Minnesota State Bar Reviewing its Judicial Selection Policy

Associate Director of Communications

Following a U.S. Supreme Court decision a decade ago that allowed Minnesota judicial candidates to publicly discuss their views on legal and political issues, the state and its legal community were first confronted with the potential intrusion of politics, special interests, and money into their judiciary. In 2007, the Minnesota State Bar Association (MSBA) adopted an aspirational policy supporting merit selection and judicial performance evaluations. The MSBA is now reviewing the policy and will make recommendations on June 28 about whether or not to retain it.

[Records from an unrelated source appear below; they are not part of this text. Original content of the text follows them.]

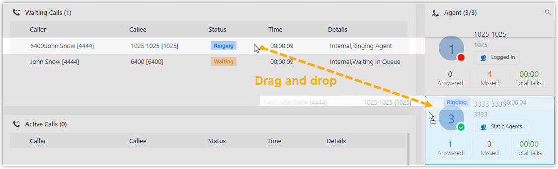 • Drag the call and drop it on a desired agent displayed in Agent panel.
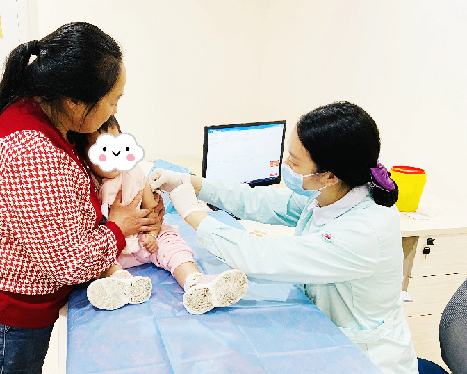 图为重庆市荣昌区妇幼保健院医护人员为儿童接种疫苗。(荣昌区妇幼保健院供图)
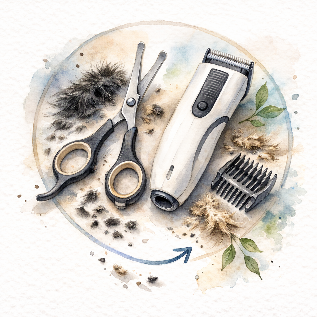 - Nutze die kleinen Hilfsmittel wie Pfotenschere, Trimmer, Balsam, Mikrofasertuch und Leckmatte, sie retten deinen Alltag.
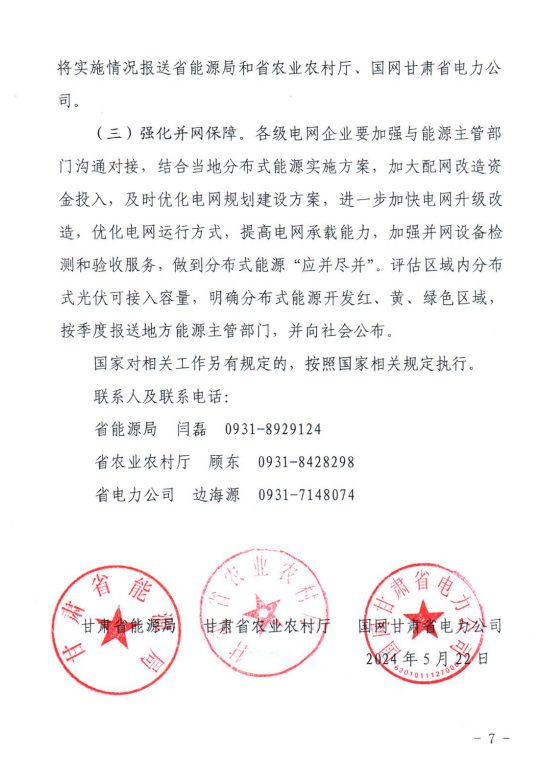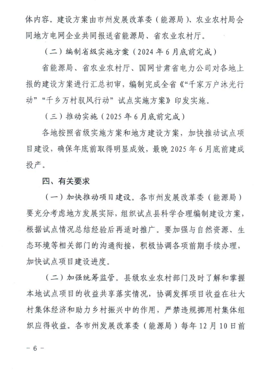 近日,甘肃省能源局、甘肃省农业农村厅、国网甘肃省电力公司联合发布《关于开展甘肃省“千家万户沐光行动”“千乡万村驭风行动” 试点工作的通知》。
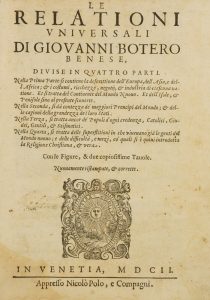 BOTERO GIOVANNI, Le Relationi universali […] divise in quattro parti… In Venetia : Appresso Nicolò Polo, 1602.
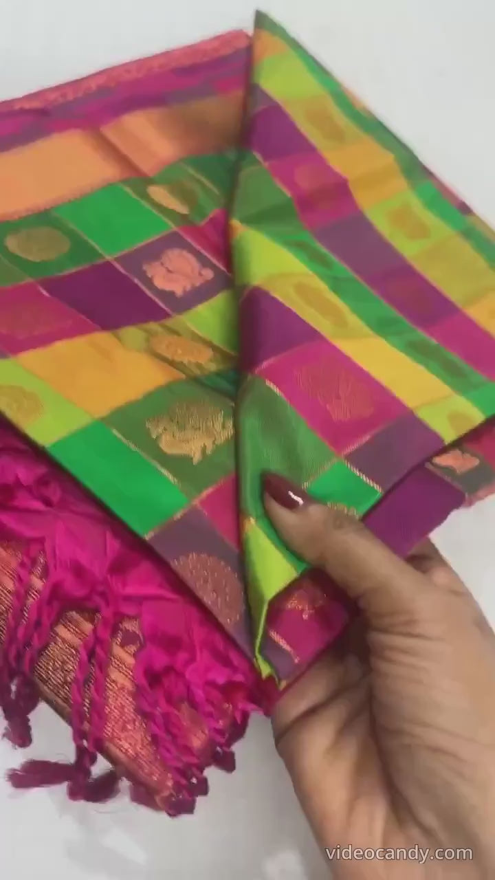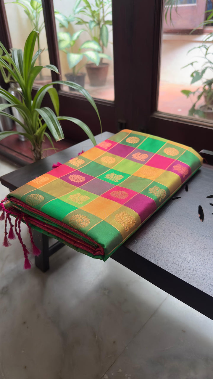 A vibrant Paalum Pazhamum soft silk saree in shades of pink, yellow, and green. Accented with a rani pink pallu and blouse, finished with a tiny getti zari border—perfectly festive and colourful.
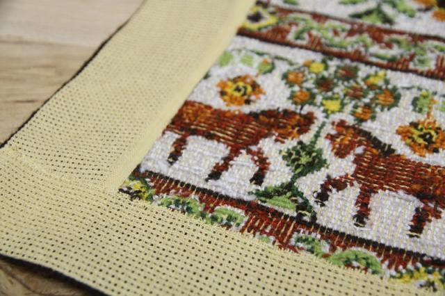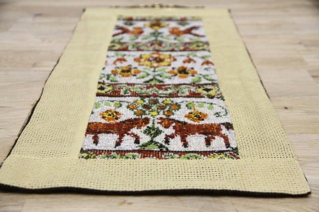 ツヴィスト刺繍の特徴である太い糸と立体感、そして幾何学模様、自然をモチーフにした、鳥や花、馬などが描かれております。
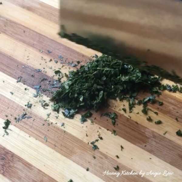 Limpiar, lavar las hojas de curry y les seco pat. Colocar en la tajadera y picar finamente.
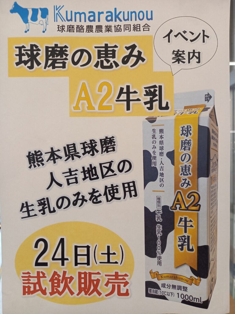 球磨の恵み「A2牛乳」をご用意しておまちしてます!!・・・・・・・
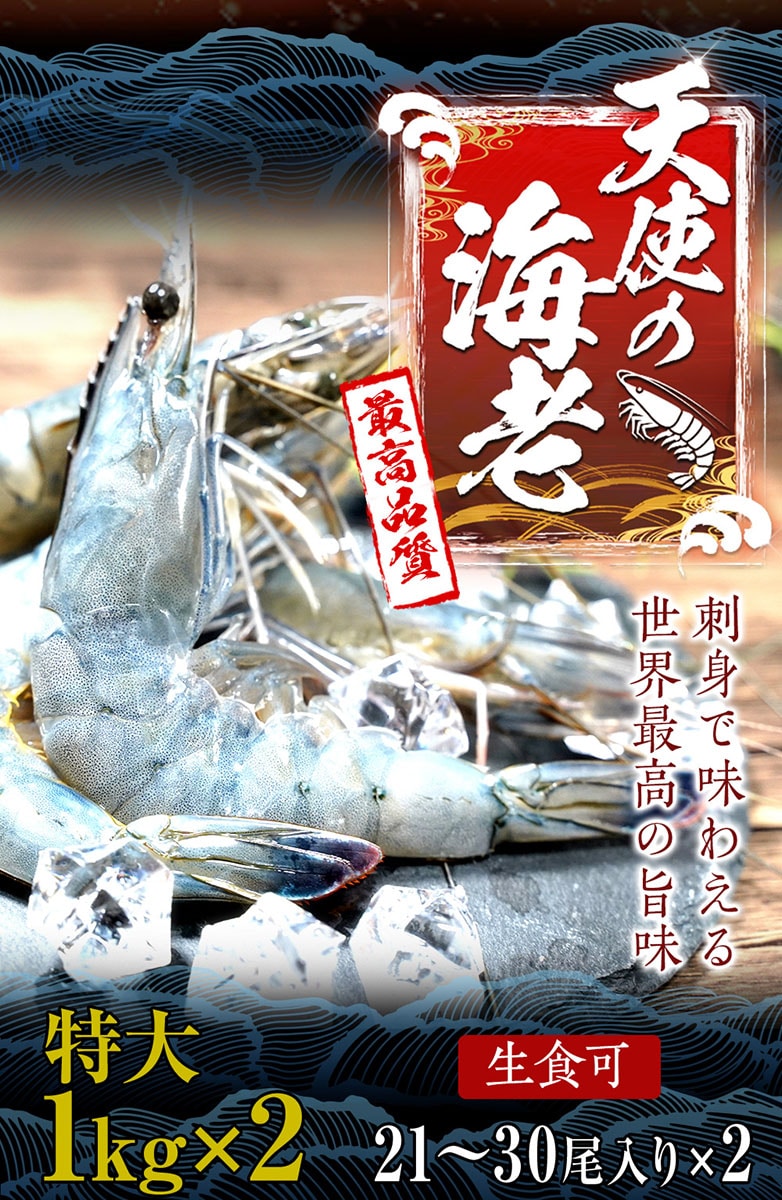 天使の海老 特大サイズ 1kg×2P 海鮮 有頭 特大サイズ お取り寄せ お試し 世界最高品質 刺身 生食 冷凍 高級 BBQ

While some claim that Minnesota has seen no increase in partisan speech or out-of-state money in its judicial elections since Republican Party of Minnesota v. White (2002), there is little reason to expect that Minnesota will continue to be immune to what other states without a comprehensive merit selection process have seen over the last decade. Malia Reddick, Director of the Quality Judges Initiative at IAALS, was recently interviewed about Minnesota's judicial selection system and a proposal to reform that system. According to the state constitution, Minnesota judges are chosen in nonpartisan elections, but more than 90 percent of judges initially reach the bench through vacancy appointments. By statute, the governor seeks input from a judicial nominating commission in filling trial court vacancies, and some governors have used the commission in making appellate court appointments as well. Reddick says that Minnesota's system is good, but could be even better.

It could be strengthened to prevent the possibility that Minnesota could become like other states, where all kinds of money is thrown around, where ideology is a big part of the race. The [MSBA policy] is designed to forestall that from happening.

Proponents of judicial elections claim that the partisan system acknowledges the fact that judges are people, with their own perspectives, views, and biases, and voters should know where they stand. However, such a process can erode public confidence in the courts. Reddick emphasized that openly partisan judges can “lead to infighting over which side will control the ideological balance on the court,” while a system that emphasizes a judge's qualifications, rather than how much money a judge can raise to get elected or their personal positions on hot-button issues, creates a more stable, open, and impartial judiciary.

Additionally, voters will still engage in the democratic process of selecting judges through retention elections following judicial performance evaluations. Each judge's performance is evaluated by a nonpartisan commission, focusing on competence and fairness, and the commission's recommendation will be made public before an election.

The public performance evaluation gives the public the right kind of information: a judge's knowledge of law, whether they treat parties with impartiality, their demeanor on the bench. It's a question of process rather than outcome. In a few states recently, judges have been challenged for rulings. This evaluation wouldn't take outcomes into account.

Such an evaluation is not only valuable for informing the public, but is helpful for judges to get more perspective on how they're doing their job. Whether the MSBA retains its current policy emphasizing these evaluations, and merit selection, remains to be seen, but the insights of this feedback would be beneficial in any judicial selection system.